[[ RECORD EXCERPTS open ]]

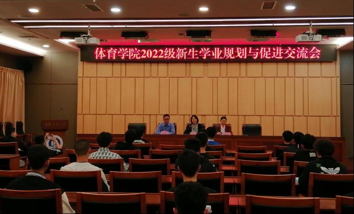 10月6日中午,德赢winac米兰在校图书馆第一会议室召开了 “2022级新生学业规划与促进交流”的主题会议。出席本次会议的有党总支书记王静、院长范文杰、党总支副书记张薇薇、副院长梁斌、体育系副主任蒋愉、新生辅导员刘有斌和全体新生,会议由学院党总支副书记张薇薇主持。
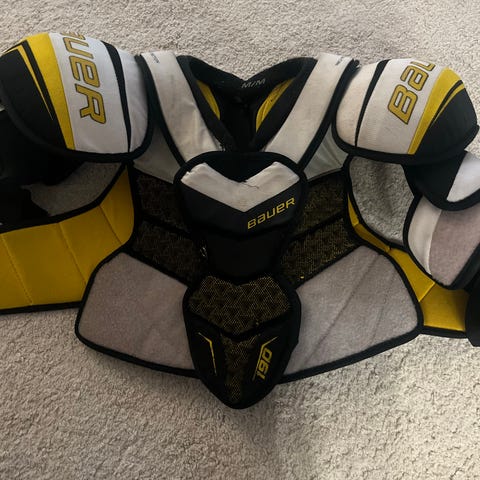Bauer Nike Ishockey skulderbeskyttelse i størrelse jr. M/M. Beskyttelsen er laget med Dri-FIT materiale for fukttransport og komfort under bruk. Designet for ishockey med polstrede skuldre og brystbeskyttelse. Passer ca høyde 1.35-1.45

[[ RECORD EXCERPTS closed ]]
[[ RECORD EXCERPTS open ]]

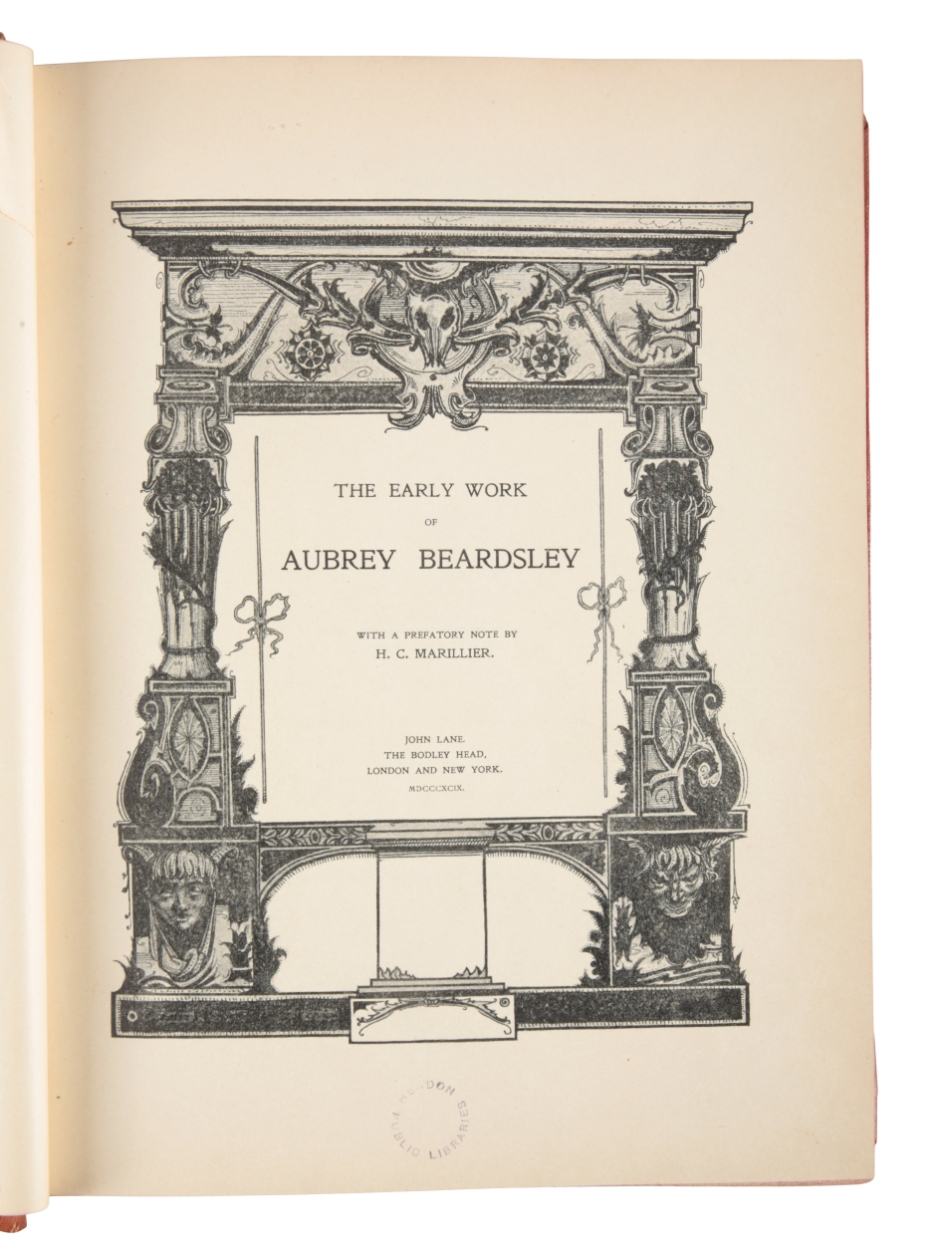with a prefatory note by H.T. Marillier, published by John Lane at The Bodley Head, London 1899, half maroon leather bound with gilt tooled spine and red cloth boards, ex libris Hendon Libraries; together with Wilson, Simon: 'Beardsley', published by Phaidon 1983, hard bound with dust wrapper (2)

[[ RECORD EXCERPTS closed ]]

| REQUIRED ACTION |
From the records above, copy only the lines running from the line holding "10月6日中午,德赢wina" through the line holding "Bauer Nike Ishockey", with no pictures.

| RESPONSE |
 10月6日中午,德赢winac米兰在校图书馆第一会议室召开了 “2022级新生学业规划与促进交流”的主题会议。出席本次会议的有党总支书记王静、院长范文杰、党总支副书记张薇薇、副院长梁斌、体育系副主任蒋愉、新生辅导员刘有斌和全体新生,会议由学院党总支副书记张薇薇主持。
Bauer Nike Ishockey skulderbeskyttelse i størrelse jr. M/M. Beskyttelsen er laget med Dri-FIT materiale for fukttransport og komfort under bruk. Designet for ishockey med polstrede skuldre og brystbeskyttelse. Passer ca høyde 1.35-1.45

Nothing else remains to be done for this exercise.